Certainly, the root cause of the Browns' struggles isn't all mental. Botched draft picks and free agent signings have created a very real talent deficit. Bad coaching over the years has added more tangles to the knot.
But if you're wondering why teams like the Steelers and Patriots can seem to turn small-college players and pro castoffs into champions, while the Browns botch high draft pick after high draft pick, you have to consider the type of environment that each team provides.
Is it that the Browns consistently overdraft players that lack the talent and skills to succeed in the NFL, while the Steelers and the league's other elite teams continually find diamonds in the rough? At times, yes. But the league's best teams tend to bring out the best in each player. Teams like the Browns tend to bury what talent they do have by bringing players into an environment where losing is so entrenched, the veterans are pretty much numb to it.

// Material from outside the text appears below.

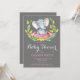 Tarjeta rosa y gris para la invitación a Baby Shower para elefantes chicas. Invitación del chica Baby Shower. Flor acuarela floral y salir. Para una mayor personalización, haga clic en el botón "Personalizar" y utilice nuestra herramienta de diseño para modificar esta plantilla.
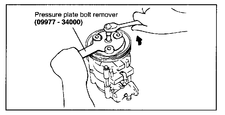 1. Remove the clutch hub supporting bolt using a spanner wrench.

If they're not numb, games like Sunday's, repeated week after week, will shortly make them numb. And if the veterans build up thick callouses to losing, what chance do the younger players -- the players who are supposedly going to be around when the Browns finally starting winning again -- have of being any different?
After the game, Mangini had at least one blatantly-obvious, yet spot-on comment. In so many words, he said his team has a decision to make: They can either be the first-half team, or the second-half team.
The first-half team might have to get by on pluck and guile against teams like the Vikings. They might not ultimately win, but they're going to grow a backbone, play smart, minimize penalties, take care of the football and do whatever they can to try and score the W.
The second-half team believes they're bad. The second half team mails in the loss when faced with adversity. Over the span of weeks, the second-half team stops caring, starts playing for individual goals and contracts, and eventually just wants the season to end.
This is where Mangini has to succeed where his predecessors have failed. He needs to get that first-half team to show up and play for 60 minutes every week. It's going to be a tough task, especially during games in which the Browns' best effort might not be enough to secure a win. But it's a mindset shift that needs to occur, or Mangini's best-laid plans will never bear fruit.
The first-half Browns are as undertalented and miles away from contention as the second-half Browns. But it's that team, and their constructive play, that provides the basis for any future hope for a turnaround. The team that showed up in the second half is Mangini's pink slip in waiting, and our express ticket to Regime No. 5 since 1999.
The coming weeks will offer us our first real picture of this team's direction, and on Mangini's ability to be a culture-changer. From the standpoint of Browns fans, it's a far more important task than anything involving X's and O's.